There is a silver lining to the cloud though; at least they are digging up the other side of the street to my house, meaning I can still get in and out of my front gate without much trouble. I wouldn't have been so cheerful if they had dug a trench across the mouth of my driveway.
And I just heard on the radio the price of petrol in Melbourne has fallen 3.5 cents while in Tasmania it's increased by 0.3 cents! Grrrrrr!
Julie's gone off to the city with that eager glint in her eye. The photography shop phoned to say that her new camera had arrived.
It's basically the same as her old one except its black not silver and has a larger optical zoom (10x) plus a sound feature for movies ("which could be a mixed blessing" she said).
Since she had that accident with her old digital camera she's been quite bereft. She looked like a sheepdog that's lost its flock. Let's hope this cheers her up.
While Louise Saunders was working a different shift on local radio, her stand-in Jennifer Fleming indulged in some banter with Coodabeen guru Geoff Richardson at the expense of her musical taste. Louise's favourite albums, it was muttered, were put out by K-Tel in the 1970s.
And indeed when Louise returned to the Drive spot this week, she confirmed that indeed the very first LP she ever bought was Explosive Hits '74.
We all have such musical skeletons in our closets. I used to like those Top of the Pops compilations that Pickwick Records put out with studio musicians imitating the superstars of the day. There were about 90 albums in the series, which ran till 1979.
Tony Blair's party has been returned to power in Great Britain. Amusing to notice that the popular London tabloid The Sun endorsed him, saying that he needed a third term if only to try and keep all the election promises he made at the first two elections! Ouch!
Coincidentally with the release of the film version of The Hitchhiker's Guide to the Galaxy, BBC Radio 4 have started airing the long-awaited radio adaptation of the final novel in the series.
The last three books of the ‘trilogy in five parts’, Life, The Universe And Everything; So Long And Thanks For All The Fish and Mostly Harmless, have been dramatised as three new series (none of them were previously produced for radio).
It seems a long long time ago (~1978?) when I heard a recording of the first episode of the show that an acquaintance had received from a friend in Scotland. No MP3 or Internet in those days. The programme was recorded off-air onto a cassette and air-mailed to Australia.
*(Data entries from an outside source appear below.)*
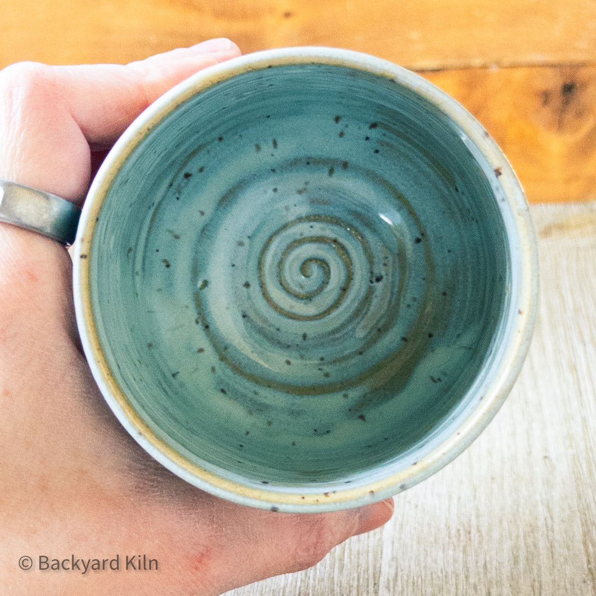 This cup was handmade by Taylor: thrown, trimmed, carved, painted, detailed, fired, glazed, and fired again in our home studio. It is dishwasher and microwave safe. It bears the paw print stamp of my best buddy Shy Guy, who passed away last spring, and the image of Penguin (and her bird namesake), who was one of our foster kittens, now off to a great home. It holds 14 oz.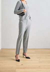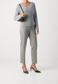 Femme portant un pull en maille côtelée gris clair à col en V, une main dans la poche d'un pantalon à carreaux gris, sur un fond uni.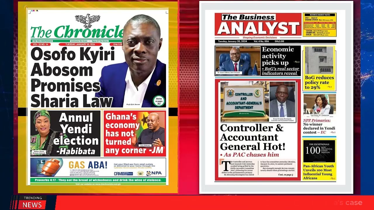 NewsGhana Newspaper Ghana Newspaper Headlines | January 30 | 2024; 12 Jailed For Life 30th January 2024 0 159 Share Facebook Twitter WhatsApp Linkedin Pinterest Telegram Viber -Women Representation Suffers Further Setback -Stay Focused ‘To Break The 8’ -Osofo Kyiri Abosom Prokises Sharia Law -12 Jailed For Life and MORE…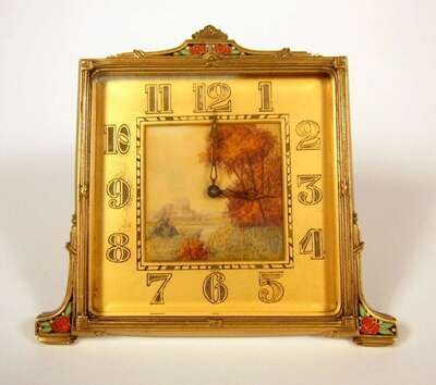 Square easel case, floral enamel decorated crest and feet, square gilt dial with black Arabic numerals, the center with a miniature painting of a landscape with stream.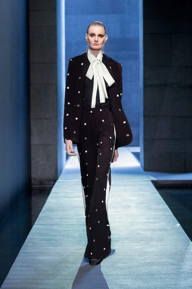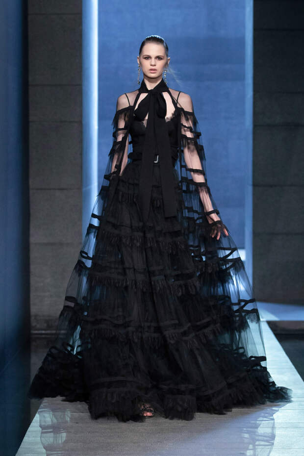 Его новая коллекция сделана по тому же самому принципу. Царственные вечерние платья, роскошные вышивки кристаллами, перья, мягкий бархат, тонкое кружево: каждая вещь — само изящество. Как будто наряды для сказочных принцесс. Для усиления эффекта все образы выполнены в тотальном монохроме — такое цветовое единство только подчеркивает элегантность силуэтов и безупречность исполнения. Ничего ультрамодного, трендового и сиюминутного — только вечная классика и бескомпромиссная женственность. Те самые вечные ценности, к которым так приятно обратиться в наши непростые и нестабильные времена.

We were absolutely stunned. It was unlike anything we'd ever heard before and we instantly recognized that we were witnessing the creation of something new and exciting.
Now, nearly thirty years later, it still has the power to stir the blood -- though I'm not sure that many of the people going to see the movie will find it that new (the catchphrase "42" having well and truly entered popular culture).
I like this one that I saw at the end of an e-mail today:
You only need two things for repairs - WD-40 and duct tape.
If it should move and doesn't, WD-40.
If it shouldn't move and does, duct tape.